Who's the Boom King?

This Lace Wyandotte has always looked like a rooster. From the time he was nugget-sized, he was heftier than his friends and had a bright red comb. We dubbed him "rooster boy." And now he is a rooster MAN. In this picture he invites you to check out his handsomeness.
He keeps a beady eye on us when we handle his hens; he looks out for hawks; he is not rough on the hens. When it comes to his duties as Boom King, however...he is not so skilled. (Sorry to air your business on the internet, Rooster Boy.)

Thursday, April 16, 2009

"Browwwn paper, whiiiite paper..."

I have been walking around with a head full of Flight of the Conchords snippets for a couple of months. Last night I went to their show at Radio City**, and today...well, I sometimes find that I am singing the stirring finale of Sellotape under my breath. (Browwwwn paper, whiiiite paper, stick it together with the tape! The tape of love...ooh, the sticky stuff... {repeat a million times} )

When you have a ton of chickens, AND the chickens have a blog, your mental state may be regarded as 'slightly suspect.' Let me tell you that singing passionately under your breath does not help your case.

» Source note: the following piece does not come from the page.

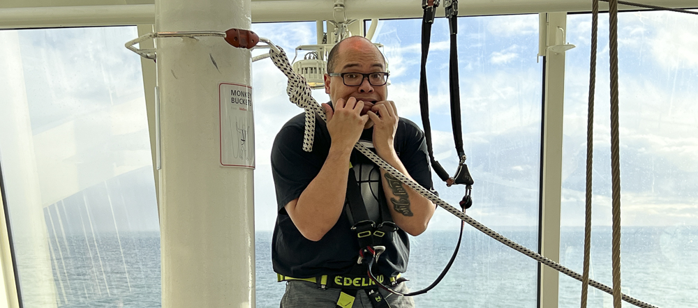 Zurück auf der Kabine haben Leny und ich uns umgezogen, um in den Klettergarten zu gehen. Nach einer kurzen Einweisung, die Leny ja schon zu Beginn der Reise genoss, sind wir, gemeinsam mit Sarah, in den Parcours gestiegen. Die Hindernisse sind alle machbar und machen eine Menge Spaß, wobei das ein oder andere für mich schon tückisch und anstrengend war. Ich bin danach auch erst einmal duschen gegangen ;-).
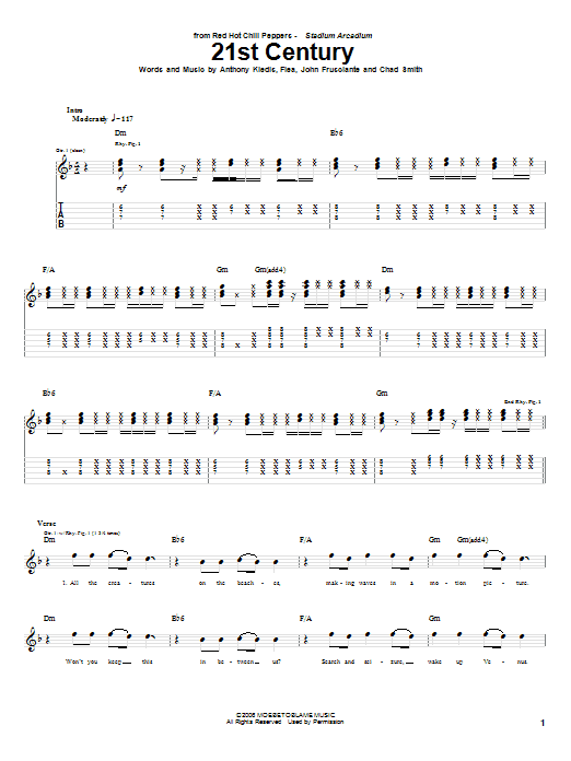 Download or print Red Hot Chili Peppers 21st Century sheet music, chords and digital score arranged for Guitar Tab. This Funk score includes 17 page(s).

So it simply completes the picture that I am singing TO THE CHICKENS about 'browwwwn paper, whiiiite paper,' etc. Also about Business Time. Also the heartfelt "Roxanne"-type ballad, You Don't Have to Be a Prostitute.
If only I had parrots instead of chickens, they could eventually sing these things back to me.

* * Note: Since I am not originally from New York (or aware of things that are popular), the first I heard of Radio City Music Hall was several years ago. A co-worker proposed that we go as a group to see the "Radio City Music Hall Christmas Show."

This gridlock of nouns shut down my entire brain. I tried and failed to parse it into sense. "Radio City" would not compute... 'Radio' and 'Music' seemed to go together, as did 'City' and 'Hall,' but those words were not next to each other, and they didn't get me any further, anyway: "Radio Music City Hall?" Were "Radio" and "City" both adjectives that applied to "Music?" And then the whole incomprehensible pile-up was topped off with "Christmas Show." What?? It was unintelligible. I just stared stupidly back, slack-jawed. The conversation ground to a halt. Eventually I scraped together the following cogent response to the invitation:

"That's all nouns."

The concern for my mental state MAY have predated the chicken blog.